Они приехали в Зольск холодным солнечным утром 8 марта. На
привокзальной площади он купил Наде букетик мимоз, а инструктор
райкома, встречавший их, поинтересовался, знают ли они, где и
когда было принято решение о праздновании Международного
Женского дня. Паша знал только, что инициатива исходила от
Клары Цеткин. Инструктор сообщил, что решение было принято в
Копенгагене в 1910 году, на 2-й Международной конференции
социалисток. Инструктор улыбался им радушно, но как-то и
снисходительно; ограничился политинформацией, с праздником Надю
так и не поздравил.
Их ждала на площади райкомовская "эмка". Через несколько
минут они были уже на Валабуева, машина заехала во двор дома No
18 и остановилась у подъезда. Инструктор, выйдя из машины,
первым делом стал зачитывать им вслух мемориальную табличку,
висящую на стене. Но, не дочитав последней фразы, он вдруг
прервался и, расплывшись в улыбке, приподнял фетровую шляпу.
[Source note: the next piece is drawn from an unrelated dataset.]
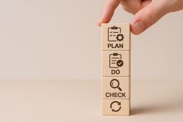 Pdca wooden blocks illustrating plan, do, check, act cycle

- Познакомьтесь, - сказал он. - Это Павел Иванович
Кузькин, наш новый прокурор. А это, Павел Иванович, ваша
соседка - боец культурного фронта, очаровательная Вера
Андреевна. Прошу любить и жаловать.
- Здравствуйте. С праздником вас, - сказал ей Паша.
Он почему-то ярче всего запомнил из этого утра, как
хрустел у них у всех под ногами свежевыпавший снег.
Вера Андреевна торопилась тогда куда-то. Она вышла из
подъезда в коричневом драповом пальто с огромными черными
пуговицами и в черной каракулевой шапочке-таблетке.
Умываясь под струей обжигающе холодной воды, Паша думал о
ней. Он вспоминал вчерашний разговор их, и почему-то задним
числом очень раздражала его в нем одна собственная фраза. "Вы
разве без жены идете?" - спросила она его об этом дне рождения.
"С женой, - ответил он. - Ну и что?" Вот это "ну и что?"
почему-то казалось ему теперь настолько неуместным и вздорным,
что он даже постанывал тихонько, припоминая. "Нет, ничего," -
ответила она и головой покачала, и чуть пожала плечами.
Чистя зубы порошком, Паша ожесточенно скалился сам себе в
зеркале. Почему вообще в последнее время он думает о ней все
время? Несколько раз на дню вспоминает их последнюю встречу,
либо представляет себе, что скажет ей в следующую. Ведь, если
сообразить теперь, этот их разговор в библиотеке наполовину
обдумал он заранее - исходя из своих представлений о том, что
могло бы ей понравиться в нем. Почти как школьник, готовился к
свиданию. Но ради чего? Что ему надо от нее? Что хочет он этим
добиться? Ведь рассуждая трезво - ничего. Ничего.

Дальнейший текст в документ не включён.